Search on hardware design using genetic algorithms gave me mostly papers on the design of analog circuits, like this one. (PDF). I thought there was something using FPGAs, but I saw it a long time ago.
I don’t know if you are familiar with genetic algorithms, but they are an interesting research area. There have been GAs in my field, but algorithms and heuristics to directly solve the problem are always more efficient. Evolution isn’t fast!
I think I used a PDP-11 with core that was bigger than that. And semiconductor memories are more complex than core memories - but faster and more dense.
I’m sure you realize that at the heart of any digital circuit is a bunch of electrical signals, which used to look like square waves but now are very messy. Symbols depend on interpretation, but so do numbers.

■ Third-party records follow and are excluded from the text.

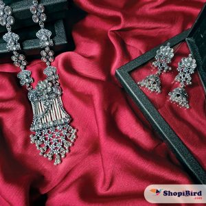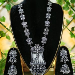 Bonolota Styled Jerman Silver Long Sita Necklace With Matching Earrings.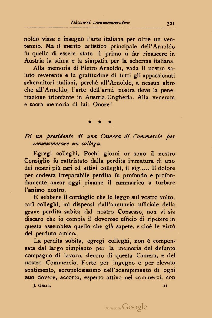 La perdita subita, egregi colleghi, non è compensata dal largo rimpianto per la memoria del defunto compagno di lavoro, decoro di questa Camera, e del nostro Commercio. Forte per ingegno e per elevato sentimento, scrupolosissimo nell'adempimento di ogni suo dovere, accorto, esperto attivo nei commerci, con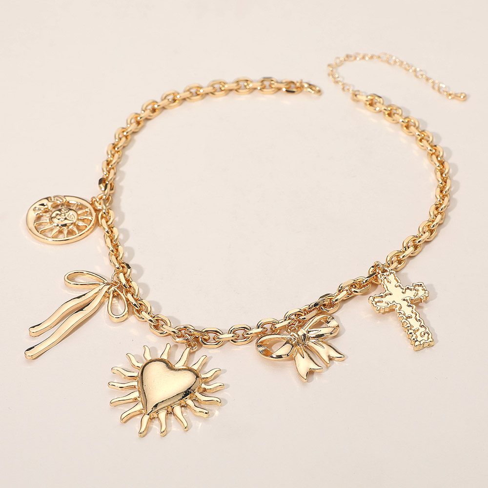 Details • Size : 15" + 3.25" L • Decor Size : 1.75" L • Elevate your look with this elegant charm necklace featuring a radiant heart, delicate bows, and symbolic accents. The detailed gold-tone design adds a chic, feminine touch that transitions seamlessly from day to night, making it a perfect statement accessory or thoughtful gift. • Lead and Nickel Compliant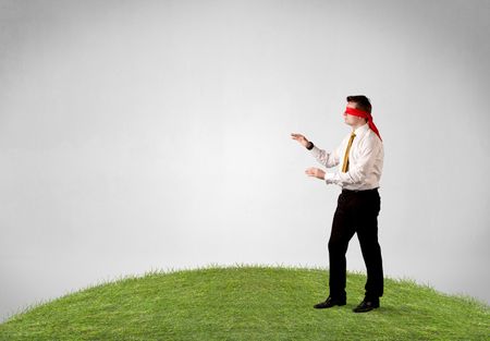 Young blindfolded businessman steps on a patch of grass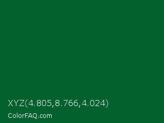 XYZ 4.805,8.766,4.024 Color is a very dark green color and the nearest color is Fun Green #016d39. Hex code #03612e and RGB value is rgb(3,97,46). In RGB color space, this color is composed of 1% red, 38% green, 18% blue, In CMYK color space, this color is composed of 97% cyan, 0% magenta, 53% yellow , 62% black , In HSL color space, this color has a hue angle of 147° , 94% saturation and 20% lightness.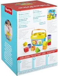 Desať výrazne farebných dielikov a veko s výrezmi pomáhajú deťom prirodzene rozlišovať tvary a farby pri každom pokuse o správne vloženie.
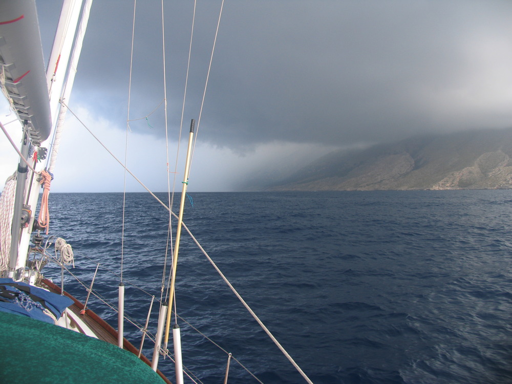 Wetter und Dorf erwachen auch hier nachts zum Leben. Laute Disco- Musik vom Strand, um Mitternacht ein richtiges Feuerwerk. Der Wind frischt heftig auf und steht voll in die Bucht, aus der seltenen Südrichtung. Immer wieder stehe ich auf uns sehe nach. EOS schaukelt stark, ziemlich unbequem zum Schlafen. Um 5 Uhr lege ich ab,Kurs weiter nach Norden. Die Situation wird nicht besser: Größere Wellen aus verschiedenen Richtungen werfen das Schiff hin und her. An Segeln ist nicht zu denken. Tief hängen die dunklen Wolken in den steilen Bergen, ab und zu ein Regenschauer. Wir legen die Schwimmwesten an. Mit Motor gegenan…
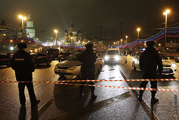 2015 год. Оцепление на месте убийства Бориса Немцова на Большом Москворецком мосту.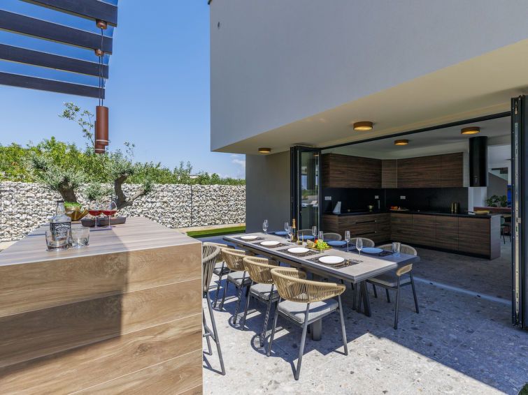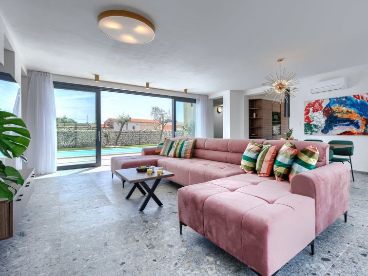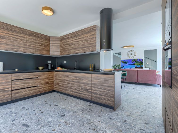 5-room villa 150 m2 on 2 levels. Beautiful and tasteful furnishings: living/dining room 65 m2 with satellite TV (flat screen), air conditioning. Exit to the swimming pool. Open kitchen (oven, dishwasher, 4 ceramic glass hob hotplates, toaster, kettle, microwave, freezer, electric coffee machine).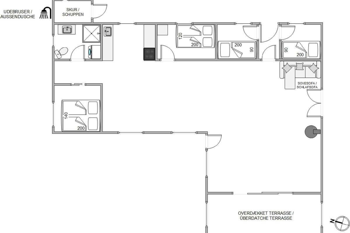The holiday home at Vibedalen 11 in Houvig sits on approximately 1,200 square metres of natural grounds, offering plenty of space for your dog and children to explore. Little ones can build sandcastles in the sandpit, while older children can enjoy the swing. Meanwhile, you can relax on the terrace with a cold drink, soaking up the sunshine. On mild summer evenings, you can round off a perfect holiday day with a barbecue. An outdoor shower is available from April to November for rinsing sandy feet.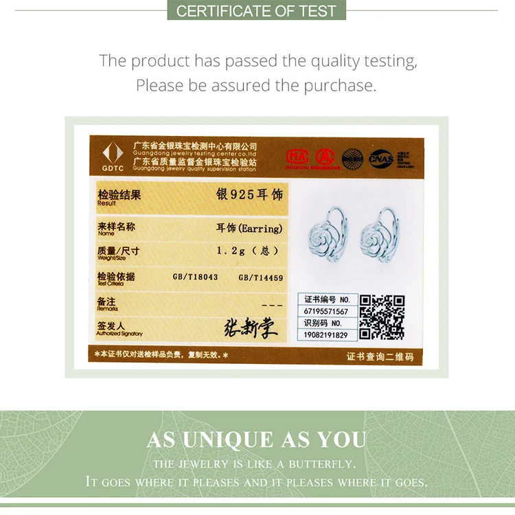 Items Name: Original Design Authentic 100% 925 Sterling Silver Earrings For Women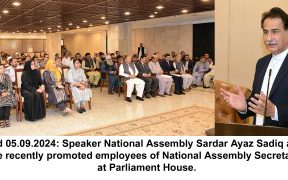 Islamabad, TheSpeaker National Assembly Sardar Ayaz Sadiq has extended warm felicitations to recently promoted employees of the National Assembly Secretariat. He said that strict observance of laws and regulations has been observed while promoting employees. He also assured that all employees are equal as per rules and regulations. While addressing recently promoted employees of […]
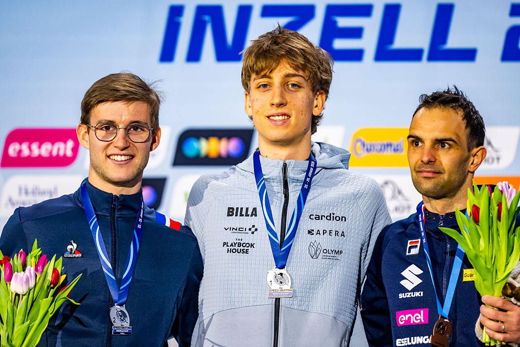 Mathieu Belloir (FRA, left) came closest to catching Jílek (center) and took silver. Andrea Giovannini (ITA, right) took bronze but couldn't retain the overall Trophy © ISU
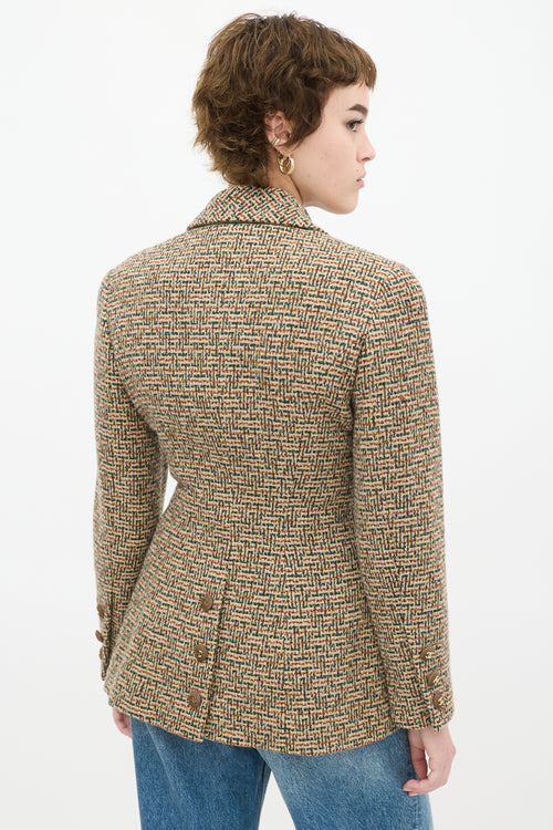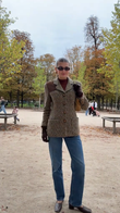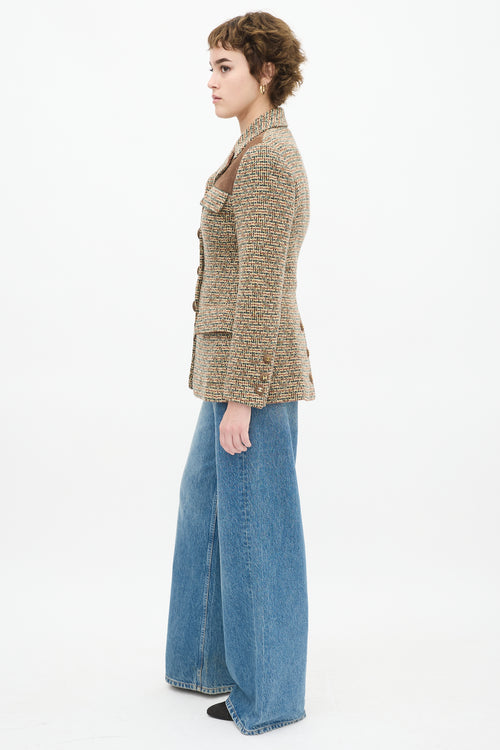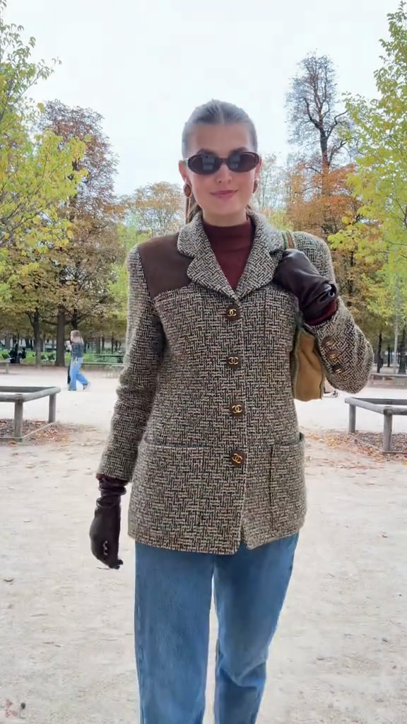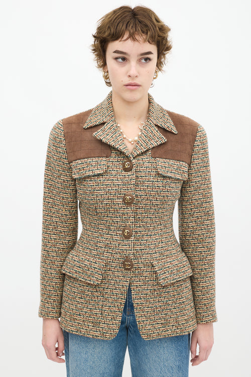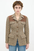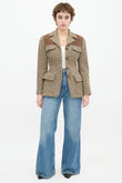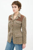 This blazer features classic tweed in earthy tones for a timeless, sophisticated look. Suede patches on the shoulders and collar add texture and a vintage touch, elevating the overall aesthetic.

I agree with you that intelligence won’t emerge from a bigger computer. It will need to be modeled, or it might evolve if the proper goals are presented to some sort of evolutionary hardware or computer system.
That might be true, but what the “something” is is the heart of the matter.
After all, art can be described as
- Take a blank canvas or piece of paper
- Do something to it with some sort of marking device
- Profit!
That applies to both a kindergartener with finger paints and Picasso. You’re saying they aren’t different.
No, I am describing what programs do. As I’ve said many times now, the lowest level of this logical view is the essence of what Turing-equivalent computation is, not the signals running through logic gates. This is the disconnect we keep having in this conversation.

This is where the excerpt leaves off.